I Have Nothing Really, I Have Nothing…

30Aug/091

Man leaps into river to escape wife’s nagging

A man jumped into a fast-flowing river because he couldn't take his wife's nagging anymore.

The Chinese truck driver, known as Zhou, and his wife were on a ferry on the Yangtze River when it all became too much for him, the Chongqing Evening Post reports.

Members of the ship's crew saw the man suddenly run out of his cabin with his hands covering his ears, and shouting: "I can't stand it any longer."

They initially thought he was suffering from an ear injury and went to help him but found he was unhurt.

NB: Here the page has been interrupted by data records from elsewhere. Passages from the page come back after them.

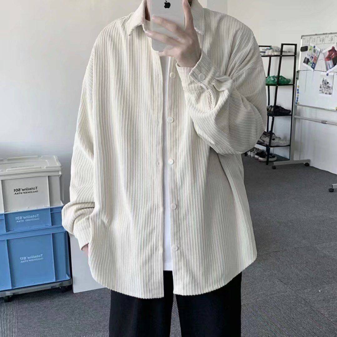 灯芯绒衬衫男宽松港风日系休闲外穿长袖衬衣外套韩版潮流百搭痞帅
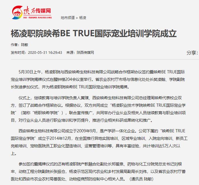 5月30日上午,杨凌职院与西安映希生物科技有限公司战略合作框架协议签约暨映希BE TRUE国际宠业培训学院揭牌仪式在醒钟楼204会议室举行。省农业农村厅市场与信息化处处长樊凌翰、学院副院长张迪参加仪式,并为杨凌职院映希BE TRUE国际宠业培训学院揭牌。
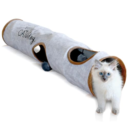 KaraLuna Premium kattunnel, 120 x 24 cm, 3 kickhål och lekbollar, katter, lektunnel, vikbar kattleksak, katttunnel, skalltunnel, grottrulle, katttunnel, katt, grå kanin XXL
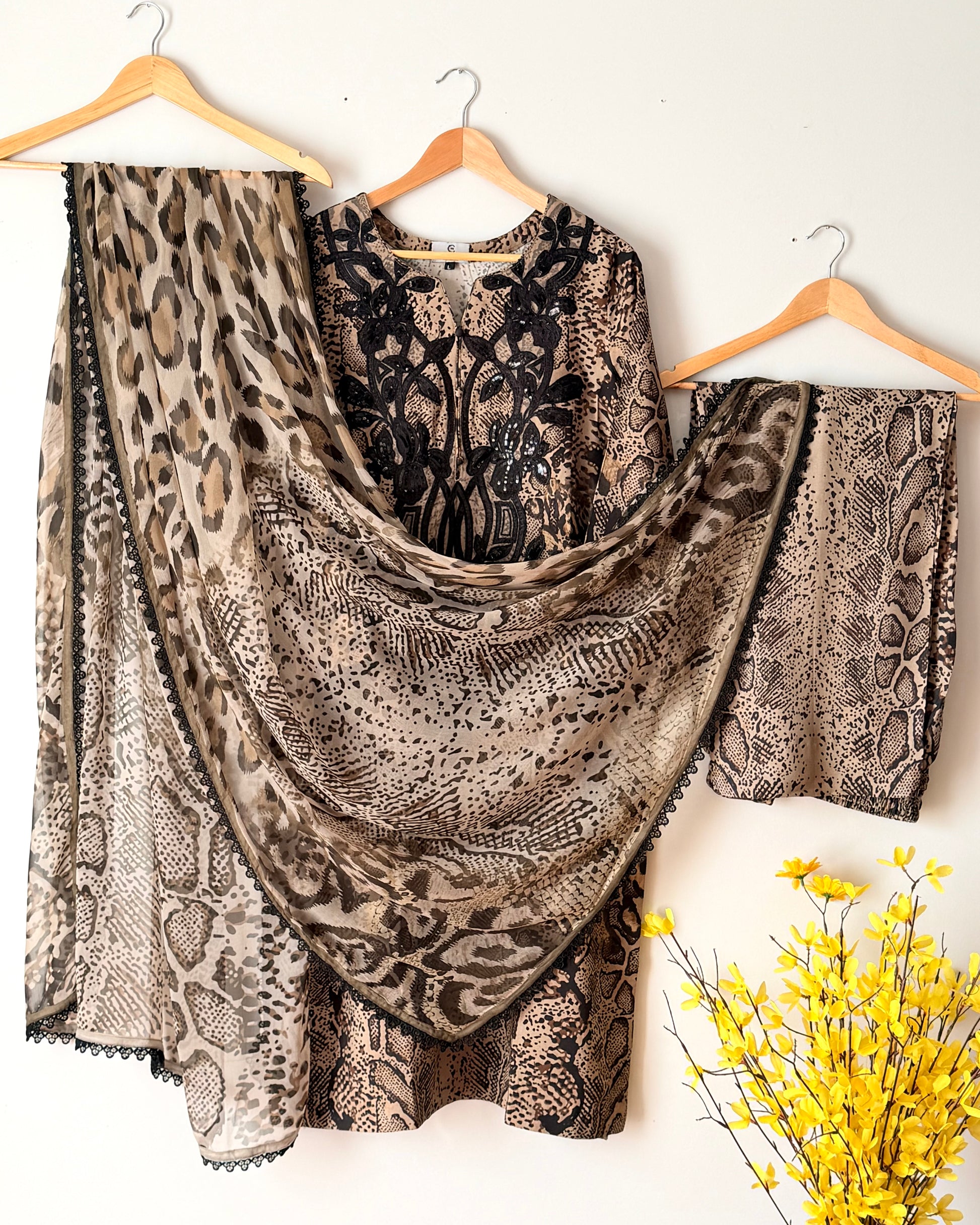 - Dress Type: Stitched 3 Piece (Shirt + pant + Dupatta)
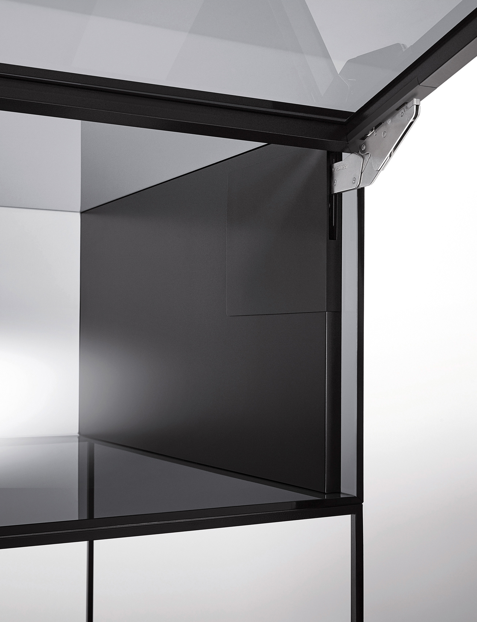 Elegant, modern-grifflos und alles im perfekten Farbverbund. Das Design ist klar und auf das Wesentliche reduziert – der dunkle Farbton strahlt Ruhe aus und setzt sich auch im Innern der Möbel konsequent und ohne Kompromiss bis ins kleinste Detail fort, wie die Innenausstattung zeigt. (Foto: AMK)
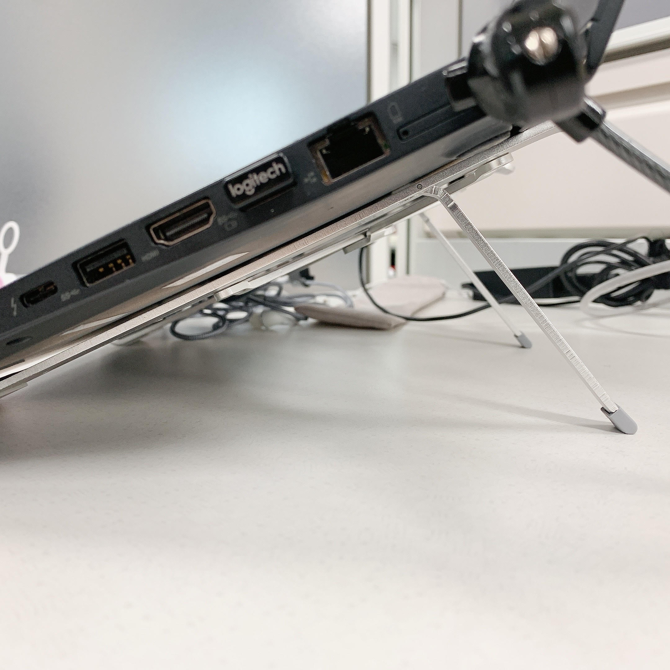 하는 일이 본사에서 하는 것보다 외부 프로젝트 많이 하고 노트북을 가지고 다니다 보니 바닥에 두고 노트북을 이용하기에는 조금 불편한 점이 있어서 노트북 거치대를 찾다가 휴대하기 좋은 제품이 있어서 구매하게 되었습니다. (약 1년 정도 사용)
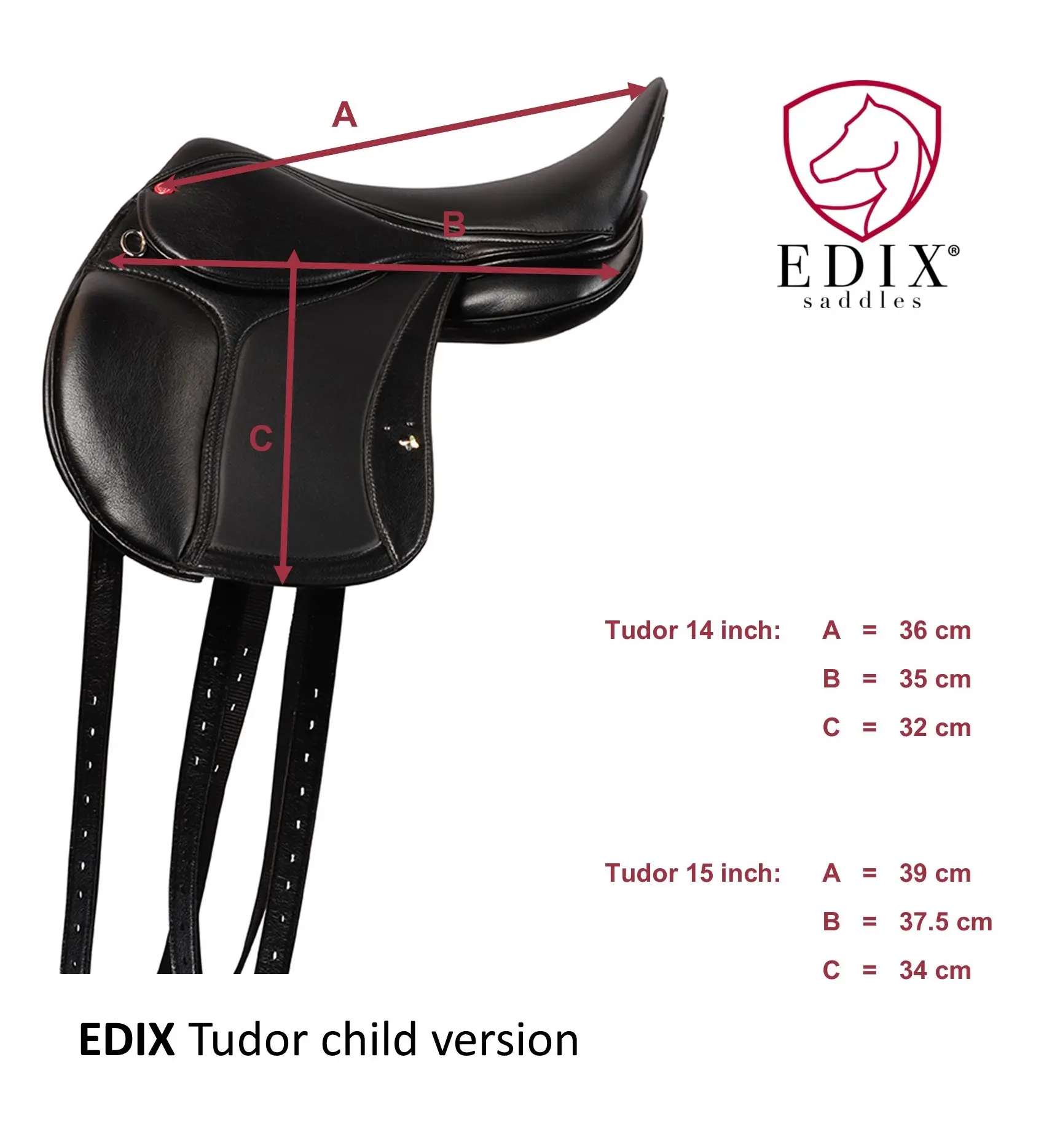 Siodło EDIX Tudor Kids to mniejsza wersja flagowego modelu ujeżdżeniowego EDIX, stworzona z myślą o ambitnych młodych dresażystach. Łączy w sobie tradycyjny, luksusowy wygląd z nowoczesną technologią EDIX Soft Tree. Wykonane z najwyższej jakości, miękkiej i przyczepnej skóry cielęcej, zapewnia wyjątkowy komfort, stabilność oraz niezwykle bliski kontakt z koniem (close contact).
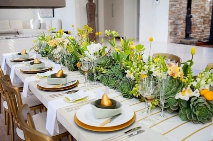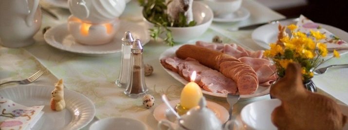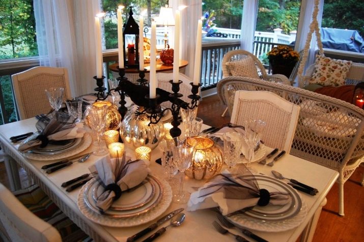 Für eine thematische Feier können Sie verschiedene dekorative Elemente verwenden. Normalerweise sind dies Blumensträuße von Pflanzen oder Kerzen in schönen Leuchtern. Vergessen Sie auch hier nicht die Kombination von Farbe mit Tischdecke, Geschirr, Servietten. Die Hauptregel des Dekors ist seine Mäßigung, weil es sehr einfach ist, es auf einem Tisch mit Dekoration zu übertreiben
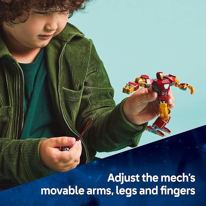 - POSABLE MECH TOY – The mech is a posable figure with movable arms, legs, fingers and the torso, which opens to reveal a cockpit that can hold the Iron Man minifigure
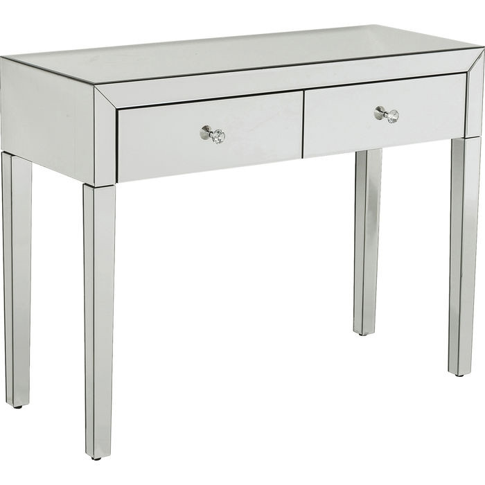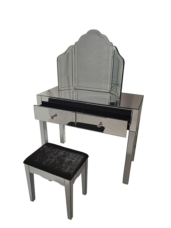 Prestižna kozmetična mizica ROSEN GLAM je sestavljena iz treh delov-mizice z dvema predaloma, elegantnega ogledala ter udobnega oblazinjenega stola. Predala na mizici imata funkcijo tihega zapiranja, ki vam omogoča lažjo uporabo ter preprečuje nastanek prask in poškodb. Mizica je izdelana iz kvalitetnega MDF materiala, ki je oblečen v steklo s srebrnmi poudarki.
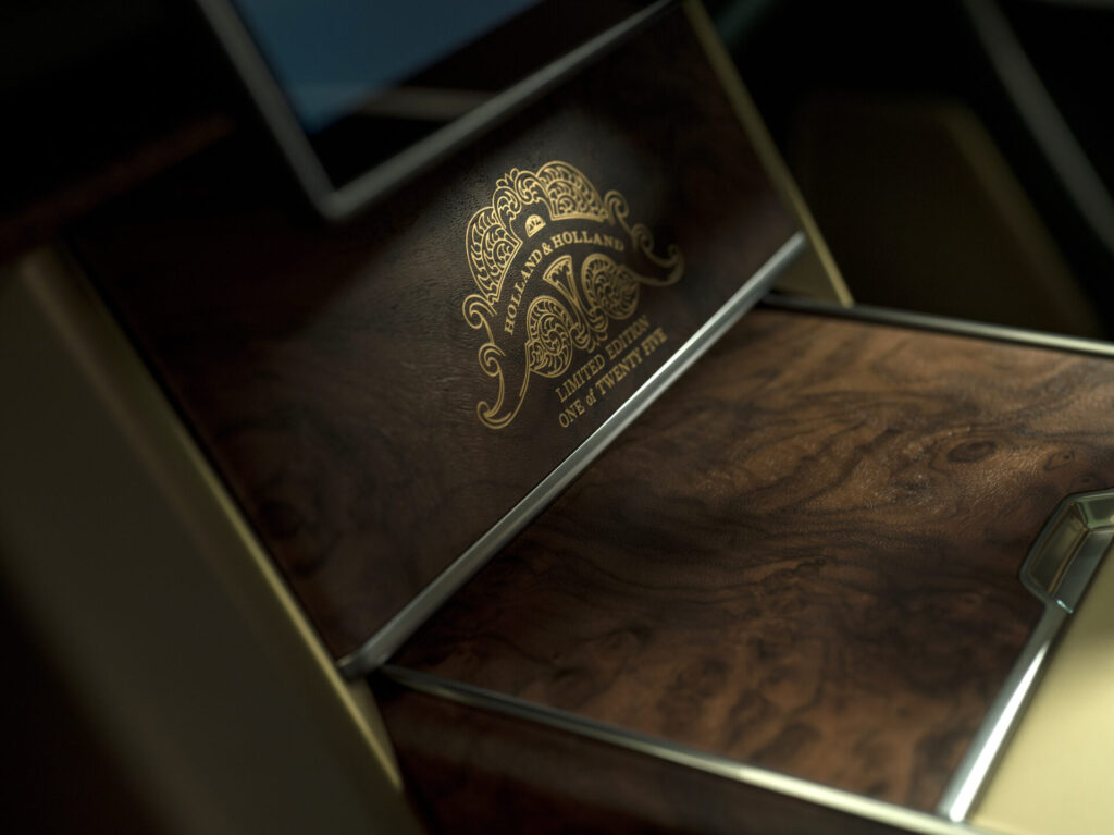 Step inside and the level of detail becomes immediately apparent. The ‘Royal’ scroll unfurls across high-touch stainless steel elements, whilst open pore French walnut veneers provide both organic beauty and a tactile connection to the edition’s inspiration. Both front and rear centre consoles feature a decorative golden inlaid crest from the gunmaker, the former confirming the edition’s scarcity with ‘Limited Edition: One of Twenty-Five’, the latter housing a champagne cooler and pair of flutes.
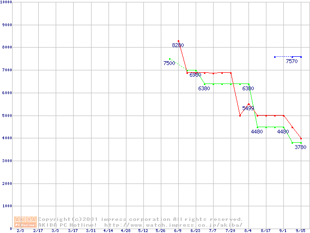 | [↓次グラフ]: | DiamondMax Plus 60 (7,200rpm Ultra ATA/100)の最安値推移 |
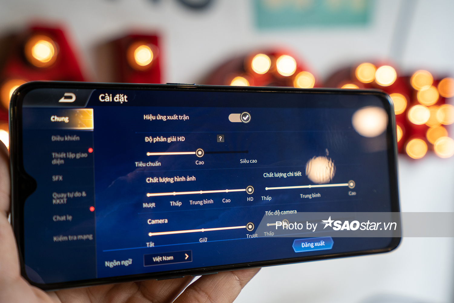 Thử sức với tác vụ nặng nề hơn như chơi game, với cái tên quốc dân như Liên Quân Mobile máy thể hiện mức hiệu năng tốt. Khá ngạc nhiên là dù chỉ dùng vi xử lý tầm trung của MediaTek nhưng OPPO A91 vẫn có thể bật được tùy chọn chất lượng hình ảnh HD trong khi những con chip đầu 7 từ Qualcomm chỉ dừng ở mức Cao mà thôi. Có thể đây là vi xử lý mới nên nhà phát hành game chưa tối ưu hóa.
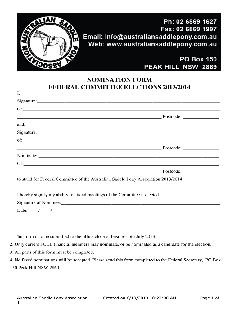 NOMINATION FORM FEDERAL COMMITTEE ELECTIONS 2013×2014 I, Signature: of: Postcode: and: Signature: of: Postcode: Nominate: Of: Postcode: to stand for Federal Committee of the Australian Saddle Pony

"While we were still puzzling over the this, his wife ran up and continued nagging him," said a crewmate.

"The husband covered his ears again and said: 'I need a break' before jumping over the side into the rushing river.

"We immediately found lamps to light up the water but found nobody. The possibility of survival can be zero."

However, later that night, police found the man who had managed to swim about 2km across across the broad river.

"I felt I was dying, but even that's better than my wife's nagging," he reportedly told the police.

The couple were reunited the following morning at the local police station where Zhou's wife promised to give up her habit of nagging him.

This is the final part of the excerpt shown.